> [YOUR GOAL]
Below are records; please write out exactly the lines from the first line through the line containing "INTERMEDIATE NOVETS CUP: Old Wimbledonians", with no pictures.

Records contained in a dataset
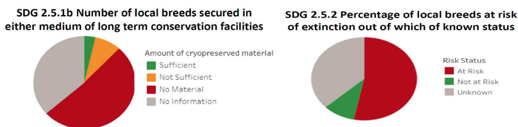
Figure 2: AnGR-related SDG indicators for Europe incl. the Caucasus (source: EFABIS, footnote 16)

The analysis of SDG indicators (Figure 2) shows that the cryopreservation status is known for two thirds of local breeds in Europe. Only 133 local breeds have sufficient material to allow reconstitution in case of extinction (3.5 %). For breeds with known risk status, about 85 % of local breeds in Europe are at risk of extinction.
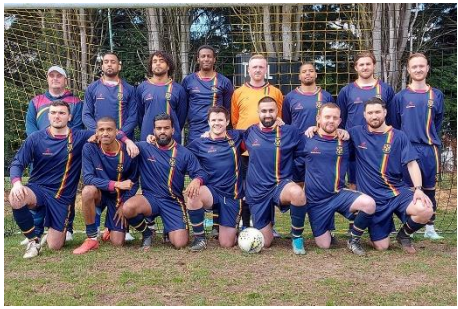
INTERMEDIATE NOVETS CUP: Old Wimbledonians
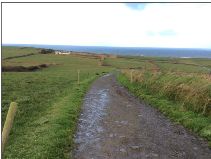
Plate 4: Proposed OGC route further to south (Killard Td.), looking NW.
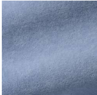
Ciel - 033
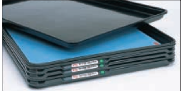
SmartTray™ features barcoding and color coding, and stacks with other trays of the same footprint.

Put the SmartTray advantage to work for you!
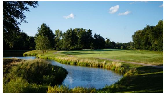
Heart Of America Golf Course

Heart of America Golf Course / Tom Watson Golf Academy offers the ultimate learning and playing opportunities in the heart of Swope Park. This facility is pure fun and recreation for anyone of any age and any skill. HOA offers three options: a beautiful regulation-length 9-hole course; a fun par-three 9-hole course; and a Tom Watson-designed junior course. HOA is home of the Tom Watson Golf Academy and also offers the best junior golf programs in Kansas City. The First Tee of Greater Kansas City, an organization that promotes the game of golf to youth in urban areas, has its offices at HOA as well. No matter where you live in Kansas City, these regulation courses provide great values that are convenient and give even the newest golfers a place to learn and play.
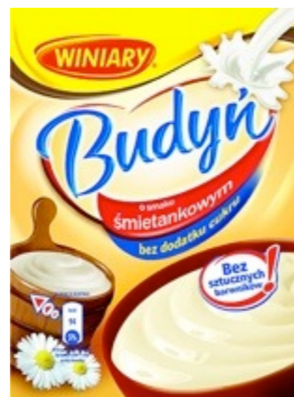
3261.Cream bc 35g (30)
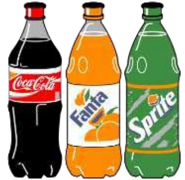
drink - fizzy

Adel is sick. He eats unhealthy food. He drinks fizzy drinks.
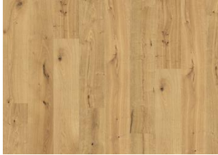
Grand Canyon CLA 200
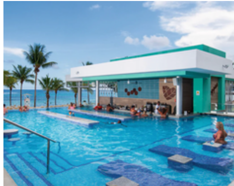
Reggae Swim-Up Bar (poolside)
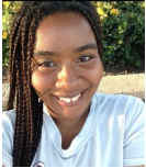
Trena Marshall Library (1st Floor)

Wednesday and Thursday: 11:00 a.m. – 1:30 p.m.
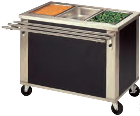
DXP3HF shown with optional 3-bar tray slide and formica finish
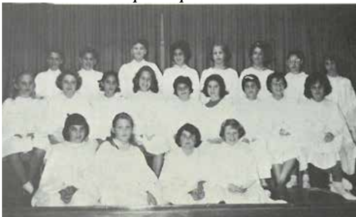
Temple Israel Youth Choir, 1963

Generously sponsored by the Temple Israel Foundation's Lapid Shapiro Fund
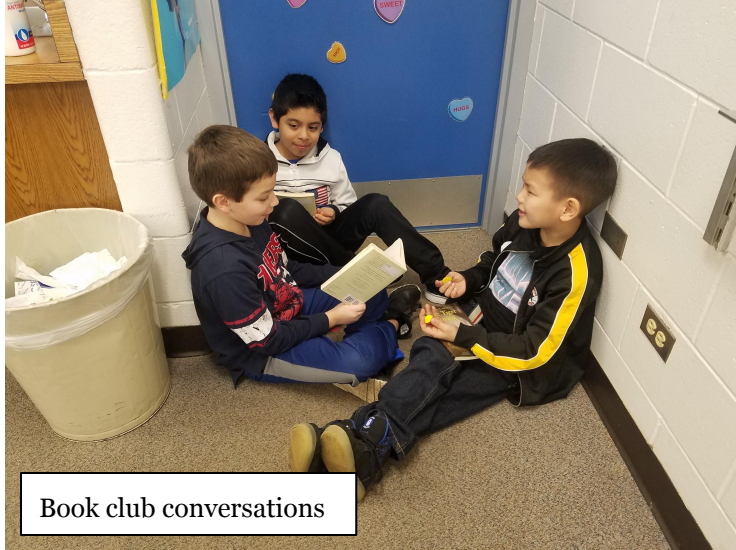
Book club conversations
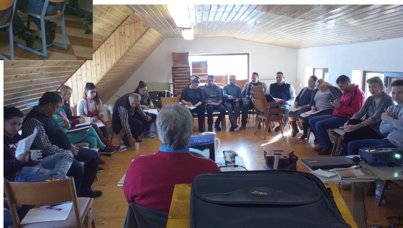
During the seminar
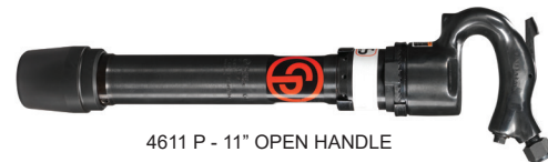
4611 P - 11" OPEN HANDLE
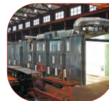
Automobile Paint Booth
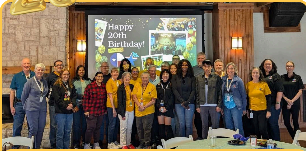
We enjoyed celebrating with all of you!

Collin County Medical Reserve Corps was founded on February 24, 2006.
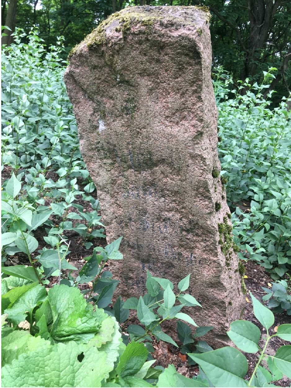
This stone has words painted on it instead of inscribed into it but nothing legible.
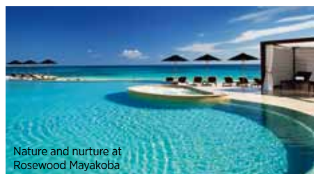
Nature and nurture at Rosewood Mayakoba
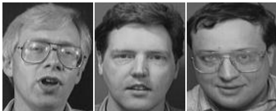
Figure 1: Testing Images from the proposed face recognition model

The following systems were implemented using MATLAB 2012a and tested on an Intel Core i3 with 4GB of RAM running Windows 7. This platform should be considered as the minimum hardware requirement since the face detection and recognition algorithms could have been modified for increased accuracy on a more powerful testing platform. Automated face recognition has become the holy grail of computer vision artificial intelligence. It is probably the most challenging and ambitious of the computer vision projects that are being studied and is not just a fascinating theoretical problem, but there is a real-world need for such a system. This section of thesis represents some computational results of our proposed program. In Experimental result-image 1 and Experimental result- image 2, both test image and equivalent image which is stored in database have same pose. But test image and equivalent image have different in pose which are shown in Experimental result-image 3 and Experimental result- image 4.
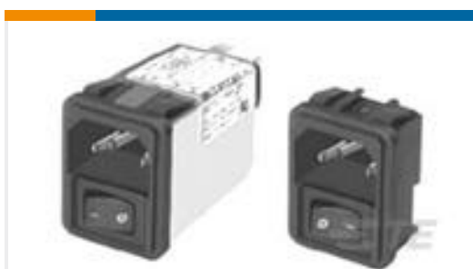
TE Part #1609112-8 10CS1 M0=F7803
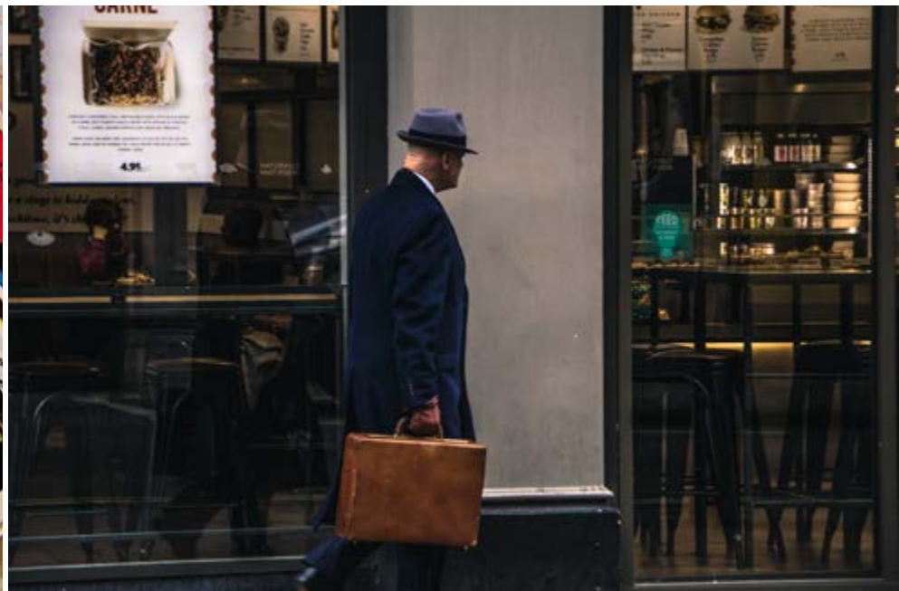
The room - See an aristocratic home, which cannot be identified (top left); Man with briefcase - On a secret mission (above right)

> [ANSWER]
Figure 2: AnGR-related SDG indicators for Europe incl. the Caucasus (source: EFABIS, footnote 16)

The analysis of SDG indicators (Figure 2) shows that the cryopreservation status is known for two thirds of local breeds in Europe. Only 133 local breeds have sufficient material to allow reconstitution in case of extinction (3.5 %). For breeds with known risk status, about 85 % of local breeds in Europe are at risk of extinction.
INTERMEDIATE NOVETS CUP: Old Wimbledonians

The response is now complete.